The results of the first round of tests will give designers
confidence in the aerodynamic performance levels they seek on the
7E7. Subsequent test rounds will provide further design refinement
and more accurate airplane performance predictions. Two additional
rounds of low-speed and high-speed testing will be conducted during
the development of the 7E7. Also, wind-tunnel tests for noise,
icing, flutter and propulsion are scheduled through early 2006.
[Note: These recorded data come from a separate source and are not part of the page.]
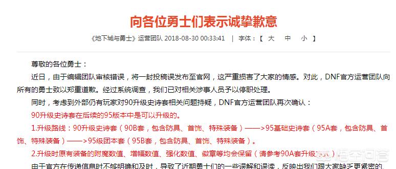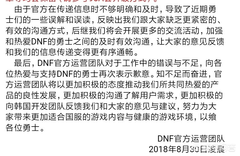 在8月30号当天凌晨的时候,地下城与勇士官方运营团队发出来一条致歉信息。
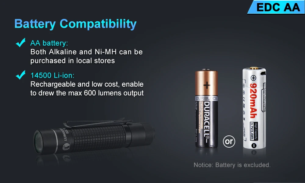 14500 фонарик Lumintop EDC AA 219ct светодиодный нейтральный белый светодиодный светильник льник 600 люмен 160 метров мини фонасветильник
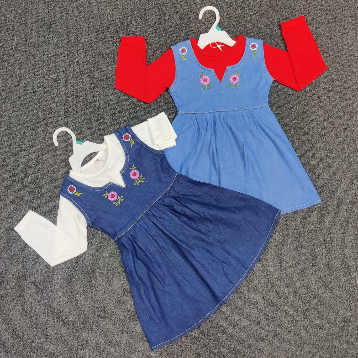 Dress your little one in style with this adorable Girls’ Denim Pinafore Dress Set, a perfect blend of comfort and cuteness! Each set includes a soft, long-sleeved inner top and a sleeveless denim pinafore featuring beautiful floral embroidery. Designed for everyday wear or special outings, this outfit offers both charm and practicality.
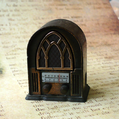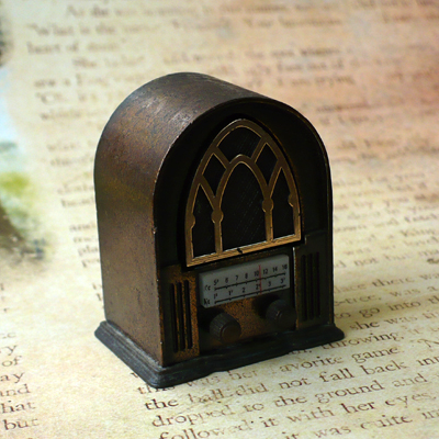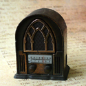 Cathedral style radio in retro look (it looks more Art Deco to me). Die-cast, tiny plastic FM channel display and fine details for a more realistic look.
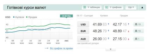 Сьогодні, 3 листопада, середній готівковий курс долара становить 42,17 гривні у продажу та 41,69 гривні в купівлі, а євро – 48,89 гривні у продажу та 48,26 гривні у купівлі.
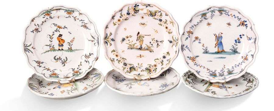 SIX ASSIETTES en faïence à bordure contournée décorées en polychromie de personnages encadrés de fleurs et de papillons.
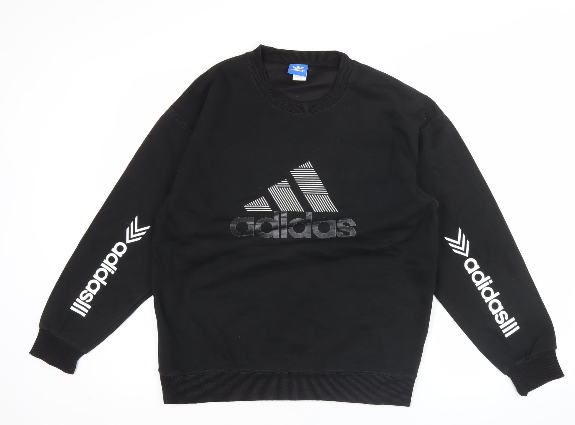Adidas Men’s Black Logo Pullover Sweatshirt L Long Sleeve Crew Neck
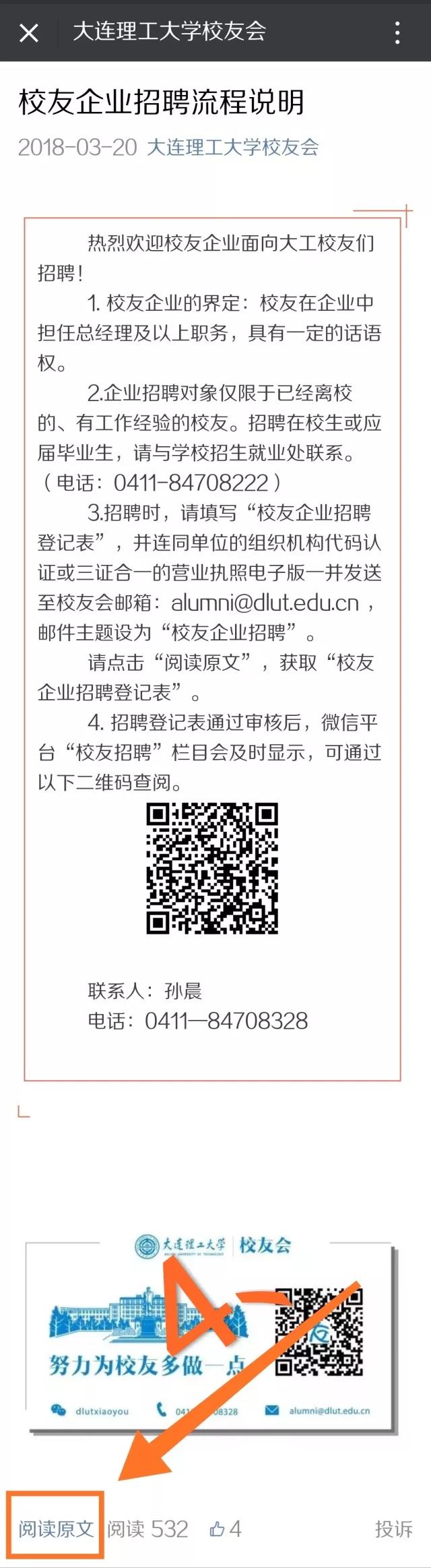 企业可以在公众号“校友求职”一栏当中发布招聘信息,标明招聘需求、联系方式等,面向大工校友吸纳优秀人才。具体步骤为:点击“校友企业招聘”一栏,进入推送,根据推送内容准备相关材料发送到指定邮箱,审核结果通过文中二维码查询。

"We know a lot about our new airplanes before they are ever
flown, through core competencies of computational fluid dynamics
and wind-tunnel testing," Bair said. "It’s why we can be
confident in the safety and integrity of the first airplane and
every airplane that follows."
Model Making
It takes nearly four months to build a wind-tunnel
model. The high-speed model currently in development will be a
3.9-percent scale model of the baseline 7E7, measuring about 2.2
meters (88 inches) long with a wing span of 2.2 meters (88
inches).
Boeing model design engineers create the high-speed model using
CATIA, a sophisticated CAD/CAM program. Programmers use the CATIA
model to create Numerical Control programs that help fabricate the
airplane on computer-controlled milling machines. Because of the
small scale of the model and the need to be very precise --
tolerances are often within 0.15 millimeters (0.006 inches) -- much
of the model is created by hand.
"Building wind-tunnel models is a unique skill," Bair said. "Our
model designers and machinists take great pride in their work and
are among the most skilled in the world."
Boeing Transonic Wind-Tunnel Background
The Boeing
Transonic Wind Tunnel, originally opened in 1944 for testing of the
B-47 (right), has undergone dramatic upgrades in the last five
years. The changes include a new drive system with a
55,000-horsepower variable speed motor. Tunnel environment and air
quality in the test section were improved with a circuit extension
and the addition of a full-flow heat exchanger and dehumidifier
system. In addition, redesigned fan blades have been installed
along with new turning vanes, a flow conditioner and a bell mouth.
A variety of model measurement methods and data acquisition
equipment are selectively available.
The changes make the Boeing Transonic Wind Tunnel a
state-of-the-art facility, ready to provide service for the second
century of flight.